This is likely very significant news for anyone running Linux, especially if they want to game on a distribution of the open-source operating system. Valve has announced Proton, a derivative of Wine that will allow the Linux version of the Steam client to run some Windows games. In theory this could support a great many games, but as this feature is only in beta, Valve has a whitelist of supported games, which you can see at the source link. It is possible to disable the whitelist from within the beta Steam client though, for those wanting to take a chance.
Some of you may be wondering how Valve has achieved this, especially as DirectX is limited to the Windows operating system. Wine is a compatibility layer that succeeds in getting many Windows applications to run on other operating systems by translating Windows API calls to POSIX calls these other OSes can understand. Proton, being based on Wine, will be similar in behavior, and Valve has been working on improving Wine for some time. To address Direct3D calls, DXVK is used, which is a translation layer that similarly translates the DirectX API calls to Vulkan, which can run on other operating systems, including Linux. (It can also run on Windows and I have seen some people try it, to get DX11 games running in Vulkan.) For DX12 API calls, VKD3D is used to translate the calls to work with Vulkan.

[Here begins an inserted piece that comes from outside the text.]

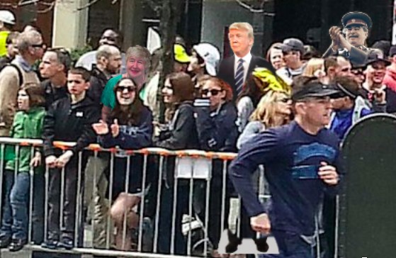 Here is a clear shot of the brothers, allegedly at the 2013 Marathon. Most likely it was taken BEFORE 2013. Note Tamerlan’s lack of a beard. His family insists that he grew a beard for religious reasons in 2012 and never shaved it off. I think Jahar, too, is looking a bit young there. The facial features seem OK. I guess it tp be a real shot of the Tsarnaev;s but INSERTED like Trump and Stalin.

As this is currently in beta, we will not see the currently whitelisted games marked, as part of Steam Play, as support Linux. Additionally, if you try it out and run into problems, if they are Linux-specific, you will be directed to Steam for support. However, Valve is only whitelisting games it has tested and found the experience to be identical, except for a change in performance. For anyone wondering about macOS support, there are currently no plans to bring this functionality there, even though Wine and Proton can both work on the operating system.